→ Task item
In the records below, find the line with "안녕하세요 ^\_^오늘은 수업시간에" and repeat exactly every line from it through the line with "Rea Freja Waschbecken". Pictures stay out.

:: Material provided ::

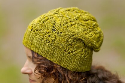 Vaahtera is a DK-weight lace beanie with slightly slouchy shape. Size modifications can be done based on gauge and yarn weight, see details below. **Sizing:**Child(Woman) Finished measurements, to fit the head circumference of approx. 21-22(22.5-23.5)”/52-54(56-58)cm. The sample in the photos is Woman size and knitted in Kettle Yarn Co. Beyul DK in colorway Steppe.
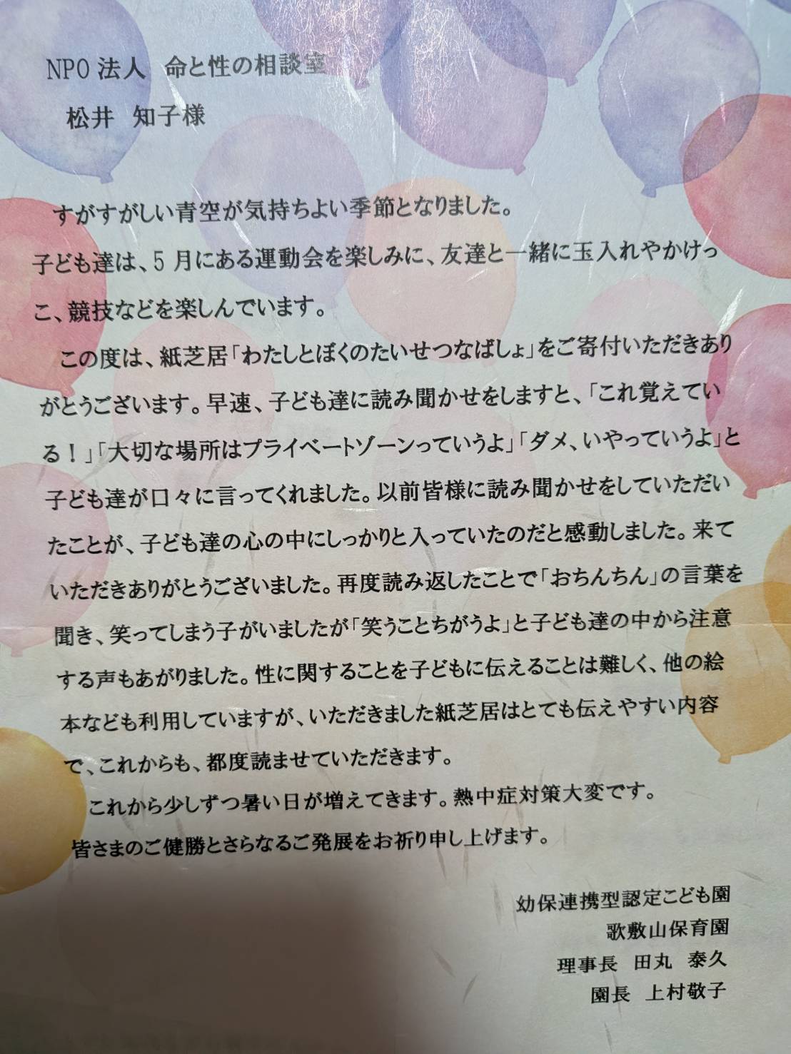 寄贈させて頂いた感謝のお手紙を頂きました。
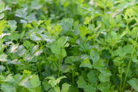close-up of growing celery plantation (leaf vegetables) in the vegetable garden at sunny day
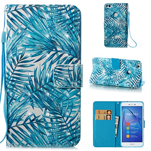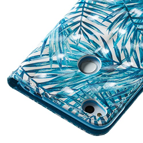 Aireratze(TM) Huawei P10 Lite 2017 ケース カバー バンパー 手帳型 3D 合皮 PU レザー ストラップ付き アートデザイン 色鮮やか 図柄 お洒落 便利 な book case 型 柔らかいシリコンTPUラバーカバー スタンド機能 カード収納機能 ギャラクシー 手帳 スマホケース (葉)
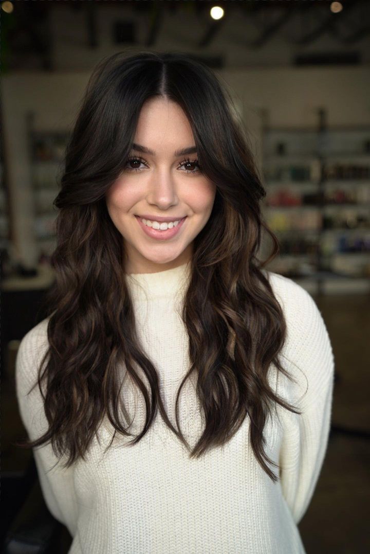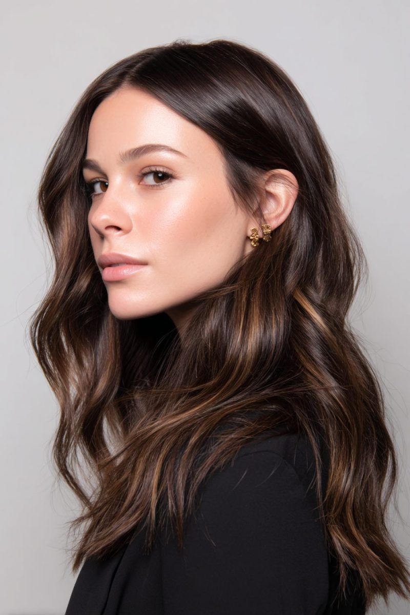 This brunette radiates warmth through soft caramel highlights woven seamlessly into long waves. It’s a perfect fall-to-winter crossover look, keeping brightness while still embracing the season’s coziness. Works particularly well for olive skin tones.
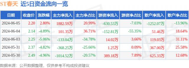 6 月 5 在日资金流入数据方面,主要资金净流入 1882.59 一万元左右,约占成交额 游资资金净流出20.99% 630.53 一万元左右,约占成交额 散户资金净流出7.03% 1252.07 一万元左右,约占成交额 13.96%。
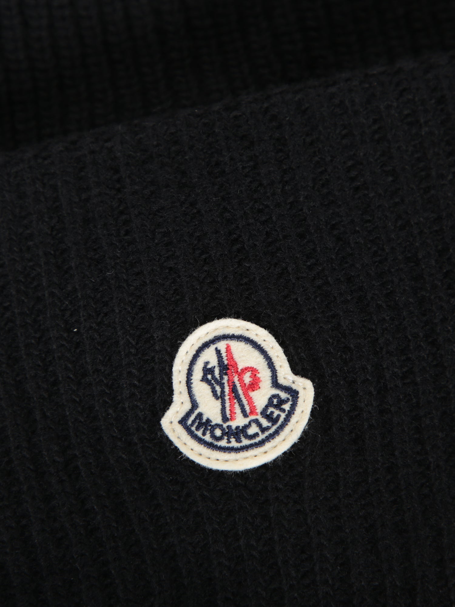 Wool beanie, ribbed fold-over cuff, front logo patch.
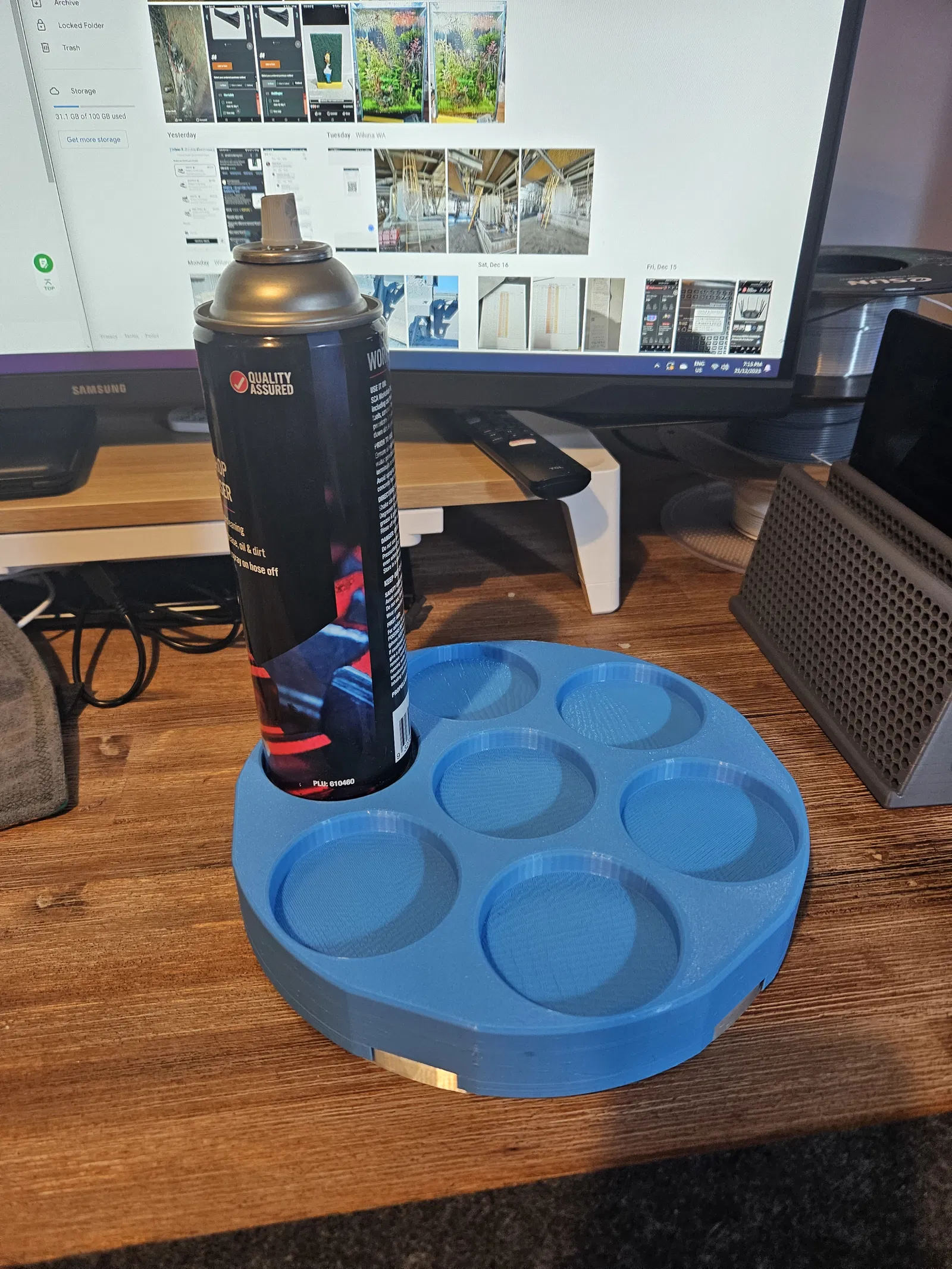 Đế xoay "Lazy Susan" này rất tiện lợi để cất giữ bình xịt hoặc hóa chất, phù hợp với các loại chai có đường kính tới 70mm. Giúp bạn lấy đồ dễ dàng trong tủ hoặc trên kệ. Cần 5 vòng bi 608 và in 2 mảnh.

:::
:: Material provided ::

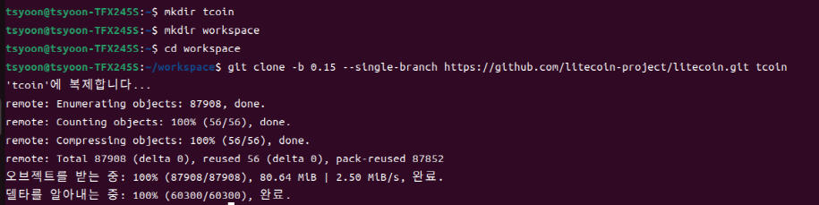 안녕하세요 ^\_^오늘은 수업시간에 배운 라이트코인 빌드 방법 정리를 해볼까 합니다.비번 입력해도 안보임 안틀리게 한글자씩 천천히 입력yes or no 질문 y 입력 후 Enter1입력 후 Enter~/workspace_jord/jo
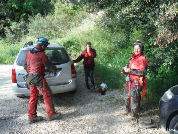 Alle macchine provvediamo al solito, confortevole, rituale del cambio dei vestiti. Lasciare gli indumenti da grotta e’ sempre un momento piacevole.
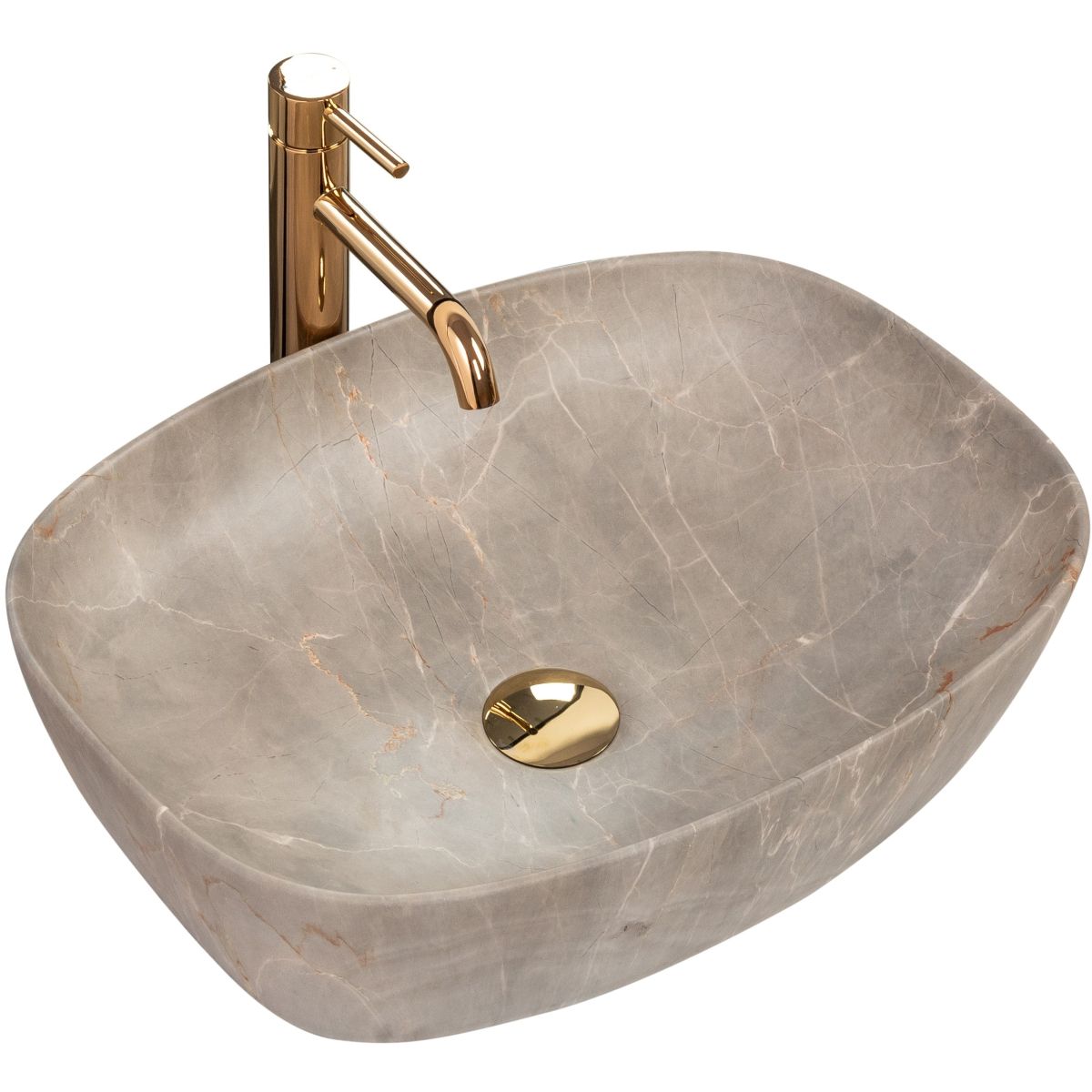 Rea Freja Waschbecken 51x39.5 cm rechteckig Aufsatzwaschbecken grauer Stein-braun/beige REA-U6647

:::
:: Material provided ::

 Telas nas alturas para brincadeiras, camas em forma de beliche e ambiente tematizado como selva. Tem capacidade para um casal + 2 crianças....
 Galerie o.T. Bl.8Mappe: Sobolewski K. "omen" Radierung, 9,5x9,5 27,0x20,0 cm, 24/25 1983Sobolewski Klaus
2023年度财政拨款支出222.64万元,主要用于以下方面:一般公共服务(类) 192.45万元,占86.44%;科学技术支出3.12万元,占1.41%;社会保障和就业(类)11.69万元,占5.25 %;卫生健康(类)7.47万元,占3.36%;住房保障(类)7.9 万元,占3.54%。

:::

→ Result below
 안녕하세요 ^\_^오늘은 수업시간에 배운 라이트코인 빌드 방법 정리를 해볼까 합니다.비번 입력해도 안보임 안틀리게 한글자씩 천천히 입력yes or no 질문 y 입력 후 Enter1입력 후 Enter~/workspace_jord/jo
 Alle macchine provvediamo al solito, confortevole, rituale del cambio dei vestiti. Lasciare gli indumenti da grotta e’ sempre un momento piacevole.
 Rea Freja Waschbecken 51x39.5 cm rechteckig Aufsatzwaschbecken grauer Stein-braun/beige REA-U6647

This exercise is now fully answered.